Thanks for the contribution, much appreciated. I'll go through the PR in the next few days but as a general feedback, I would prefer the default being to build with statically linked libbpf rather than system provided. We rely on certain capabilities of libbpf that aren't available in early versions of libbpf. When we build for a lowest common dominator such as Ubuntu 20.04 it comes with a system provided libbpf (version 0.5.0 I think) which will not work. Defaulting to statically linked should still work fine as one can override and use system provided.

[jcfaracco]

@MarioHewardt your point is fair. Maybe a solution in between is to provide some way to specify where libbpf is "cached". In my case, for example, the builder does not have internet.

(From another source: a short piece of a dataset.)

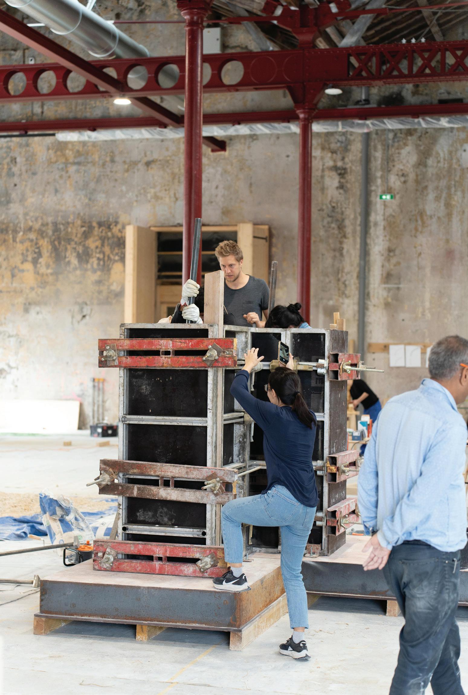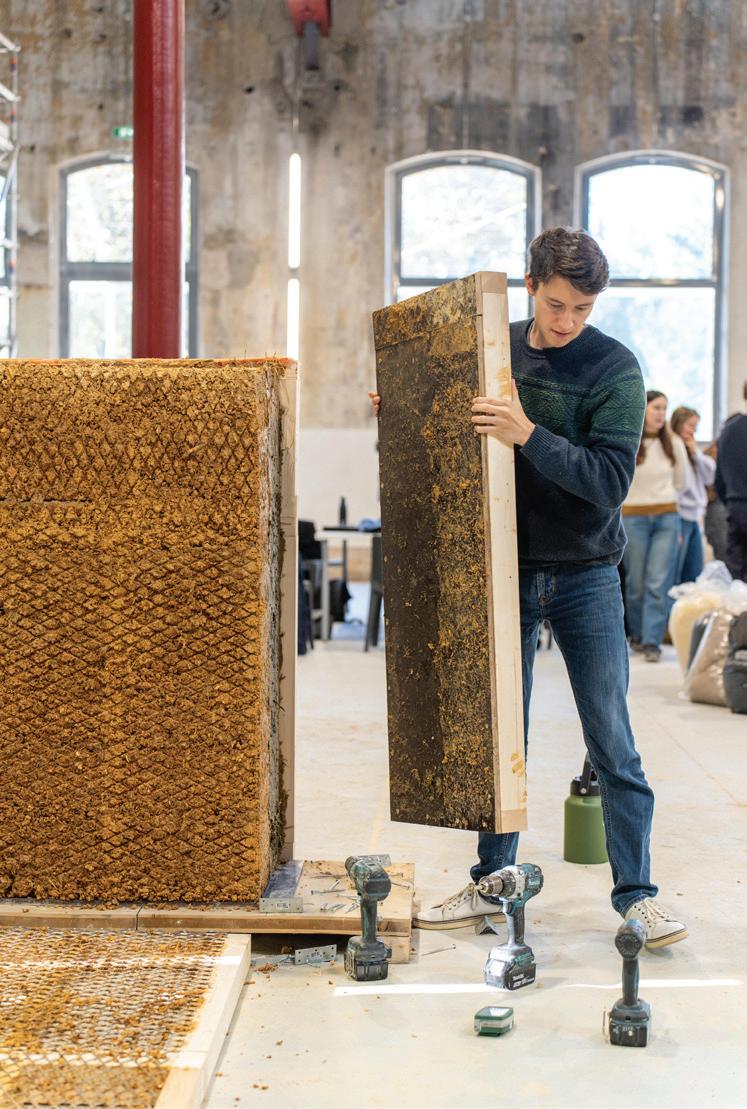 During the site research, we concluded that by building in the process of “indigenization” as core logic we would be able to liberate the agenda and unleash a hyper-local strategy as an exciting starting point in such a unique opportunity. First, we learned that France and Belgium have a well-developed supply chain based on the reuse of materials (they have legislation to align with sustainable development goals); this allows the birth of new specialist contracting companies, insurances, and policies to drive. Many European practitioners in the construction industry believe we should recirculate at least 50% of building elements by the early 2030s to make a difference. Secondly, we found approximately 100 tons of abandoned structural steelwork on site that could be given a new life: the end-of-life processes of abundant construction material over the last two centuries are fraught with uncertainty and need to be considered with whole-life carbon in a more holistic, climate-focused way. Thirdly, Atelier Luma has been conducting research on the use of natural materials in construction with a wellequipped workshop and laboratory over the past five years. Aligning these three pillars would lead us to an overarching theme of urban mining as a design strategy in studio research.

So, ProcDump fails to compile because git cannot connect.

[MarioHewardt]

I think your original approach works great (finding existing libbpf on local system), except just flipping the default to build static instead of system provided. Maybe introduce a flag USE_SYS_PROVIDED (or some such) that if defined will use the system provided approach.

[MarioHewardt]

Hi @jcfaracco - No rush or anything, just checking in if you've had a chance to tweak the PR to switch the defaults?

[kloczek]

I just tested this PR and ..

• I think that it wold be better to change zlib, libelf and libbpf checking dependencies to use pkgconfig instead use custom detections
• build for me fails on use bpftool

[ 27%] Generating procdump.ebpf.o
/usr/sbin/bpftool gen object procdump.ebpf.o procdump_ebpf.o
libbpf: failed to find BTF info for object 'procdump_ebpf.o'
Error: failed to link 'procdump_ebpf.o': Invalid argument (22)
make[2]: *** [CMakeFiles/procdump_ebpf.dir/build.make:78: procdump.ebpf.o] Error 234
make[2]: *** Deleting file 'procdump.ebpf.o'
make[2]: Leaving directory '/home/tkloczko/rpmbuild/BUILD/ProcDump-for-Linux-3.2.0/x86_64-redhat-linux-gnu'

Eventually when this PR will be merged please it can close #221

[kloczek]

Looks like it is not possible cleanly apply this PR on top of 3.3.0.

+ /usr/lib/rpm/rpmuncompress /home/tkloczko/rpmbuild/SOURCES/procdump-CMake-Add-ability-to-use-system-installed-libbpf.patch
+ /usr/bin/patch -p1 -s --fuzz=0 --no-backup-if-mismatch -f
1 out of 4 hunks FAILED -- saving rejects to file CMakeLists.txt.rej

[jcfaracco]

@MarioHewardt I have tested this PR. It requires some hacks to work with 3.3, but after that it works like a charm.

For further reference, see the RPMs generated without any issue: https://koji.fedoraproject.org/koji/taskinfo?taskID=128305608

@ferdnyc can you rebase this PR on top of 3.3?